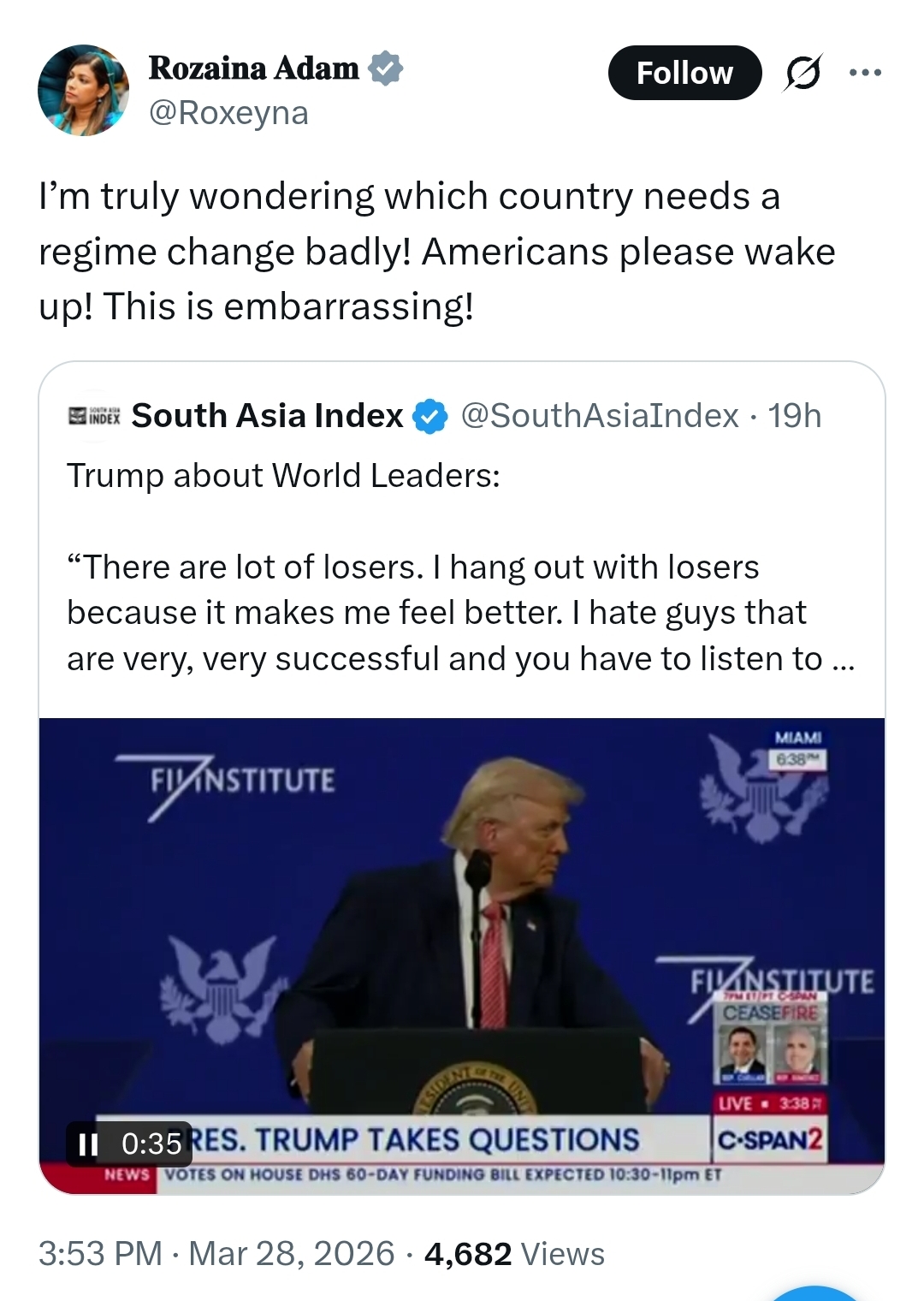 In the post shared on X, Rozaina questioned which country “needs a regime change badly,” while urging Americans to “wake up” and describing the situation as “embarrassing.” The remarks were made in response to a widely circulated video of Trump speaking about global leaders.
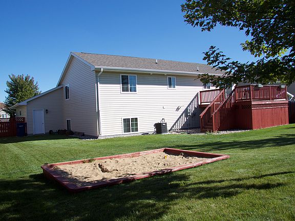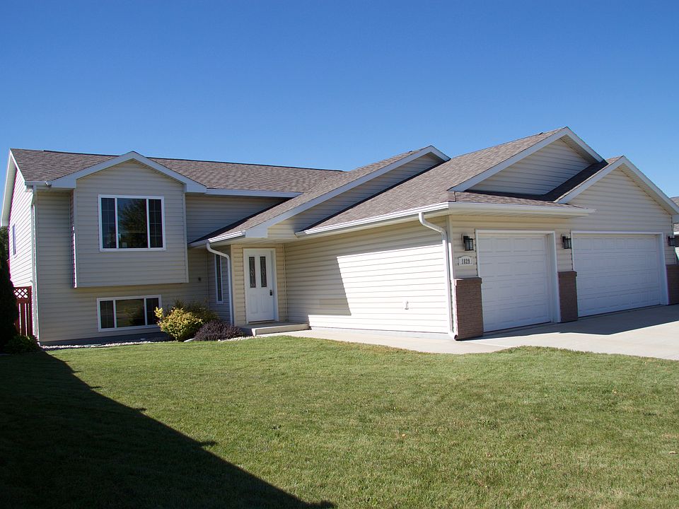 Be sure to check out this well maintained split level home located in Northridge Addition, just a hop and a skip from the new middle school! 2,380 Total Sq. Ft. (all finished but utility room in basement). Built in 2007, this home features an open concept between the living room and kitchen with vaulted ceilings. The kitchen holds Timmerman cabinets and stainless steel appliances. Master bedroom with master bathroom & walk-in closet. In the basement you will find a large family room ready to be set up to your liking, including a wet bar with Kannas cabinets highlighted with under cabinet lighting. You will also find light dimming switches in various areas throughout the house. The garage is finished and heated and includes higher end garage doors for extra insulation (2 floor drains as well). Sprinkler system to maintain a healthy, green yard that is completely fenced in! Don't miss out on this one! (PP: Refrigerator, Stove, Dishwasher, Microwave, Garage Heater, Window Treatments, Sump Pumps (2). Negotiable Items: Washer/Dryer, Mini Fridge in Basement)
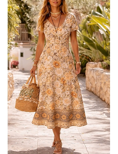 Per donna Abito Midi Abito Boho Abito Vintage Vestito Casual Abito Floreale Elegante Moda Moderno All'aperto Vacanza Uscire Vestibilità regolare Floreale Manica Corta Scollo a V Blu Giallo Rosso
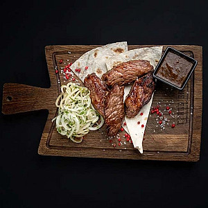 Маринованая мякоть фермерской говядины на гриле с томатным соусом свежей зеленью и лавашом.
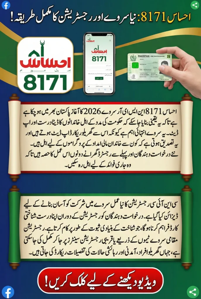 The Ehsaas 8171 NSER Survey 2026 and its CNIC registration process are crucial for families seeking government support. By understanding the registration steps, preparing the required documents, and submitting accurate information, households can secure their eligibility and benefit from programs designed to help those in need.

◆ Task to carry out: Exactly as written, return each line above and leave the pictures behind.

◆ Output for this exercise:
 In the post shared on X, Rozaina questioned which country “needs a regime change badly,” while urging Americans to “wake up” and describing the situation as “embarrassing.” The remarks were made in response to a widely circulated video of Trump speaking about global leaders.
 Be sure to check out this well maintained split level home located in Northridge Addition, just a hop and a skip from the new middle school! 2,380 Total Sq. Ft. (all finished but utility room in basement). Built in 2007, this home features an open concept between the living room and kitchen with vaulted ceilings. The kitchen holds Timmerman cabinets and stainless steel appliances. Master bedroom with master bathroom & walk-in closet. In the basement you will find a large family room ready to be set up to your liking, including a wet bar with Kannas cabinets highlighted with under cabinet lighting. You will also find light dimming switches in various areas throughout the house. The garage is finished and heated and includes higher end garage doors for extra insulation (2 floor drains as well). Sprinkler system to maintain a healthy, green yard that is completely fenced in! Don't miss out on this one! (PP: Refrigerator, Stove, Dishwasher, Microwave, Garage Heater, Window Treatments, Sump Pumps (2). Negotiable Items: Washer/Dryer, Mini Fridge in Basement)
 Per donna Abito Midi Abito Boho Abito Vintage Vestito Casual Abito Floreale Elegante Moda Moderno All'aperto Vacanza Uscire Vestibilità regolare Floreale Manica Corta Scollo a V Blu Giallo Rosso
 Маринованая мякоть фермерской говядины на гриле с томатным соусом свежей зеленью и лавашом.
 The Ehsaas 8171 NSER Survey 2026 and its CNIC registration process are crucial for families seeking government support. By understanding the registration steps, preparing the required documents, and submitting accurate information, households can secure their eligibility and benefit from programs designed to help those in need.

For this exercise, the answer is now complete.